Specific Constraints

ConstraintImpactWorkaround
Context window: 16 tokensCan't see patterns spanning hours/daysEncode longer windows as summary tokens. Or use bigger block_size (costs more params).
10% bucket granularityCPU 41% and 49% are the same token (C4)More buckets = more vocab = more params. Trade-off is configurable.
Pure Python speedTraining is ~27× slower than PyTorch/MPSUse AtomTorch for fast training (17.6s vs ~8min). Pure Python works everywhere with zero dependencies.
No causationFlags anomaly, can't explain itThe Pipe + your response IS the explanation loop. Over time, Nerve learns cause→effect from YOUR feedback.
Sequential token processingCan't truly correlate CPU↔Memory simultaneouslyLearns "C5 usually followed by M5" as sequence pattern. Works in practice, not in theory.
The architecture compensates for individual atom weakness. One atom is a pattern matcher with short memory. Four atoms piped through Nerve with feedback = a system that learns cause-effect across domains over weeks. The loop is smarter than any single model.

What's Next

Done ✓

Phase 0: Understood microgpt. Every line, every gradient.

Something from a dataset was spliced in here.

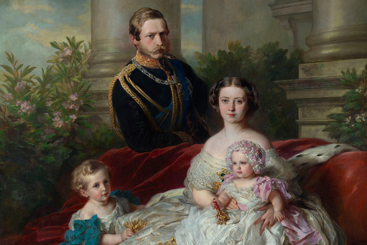 Pruský princ Fridrich s manželkou a dvěma staršími dětmi, princem Vilémem a princeznou Šarlotou. Portrét od Franze Xavera Winterhaltera, 1862. (ilustrace: Wikimedia Commons, PDM 1.0)

Phase 1: Extracted core modules. Pulse atom collecting real Mac Mini data. MikroTik REST API collector. Training works. Anomaly detection works (0.72 normal vs 7.98 anomalous = 11x differentiation).

Phase 2: Rhythm atom. Keyboard/mouse idle time via ioreg HIDIdleTime. Learns work patterns, flags 3am Sunday activity.

Phase 3: Drift atom. Manual CLI task logging. Detects scope creep (4.06 vs 0.47 = 8.6x). 8 tasks added / 0 completed / 5 switches = anomaly.

Phase 4: Nerve meta-model. Trained on other atoms' scores + user feedback. Predicts: ok, alert, suppress, retrain. Action vocabulary with feedback loop.

Phase 5: PyTorch/MPS acceleration. AtomTorch drop-in replacement. 500 steps in 17.6s (27x faster). Same anomaly detection quality.

Phase 6: Full daemon. Scheduled collection, all 4 atoms scoring, Nerve decisions, Telegram alerts.

Next

Production Hardening

Run the daemon on a Mac Mini for weeks. Collect real data across all atoms. Retrain on accumulated observations. Let Nerve learn from real approve/dismiss feedback.

Ideas for Later

Network security atom (MikroTik firewall logs). Financial patterns (M-Pesa/bank transactions). Phone integration (activity patterns). Sleep/energy inference from idle time data. Focus scoring from mouse movement patterns. Auto-retraining triggered by Nerve.

Open Source

KIRI is open source. The core idea — microgpt trained on state tokens for anomaly detection — belongs to everyone. The architecture (atoms, pipes, loops, self-retraining) is general enough that anyone with a computer can build their own composable intelligence system.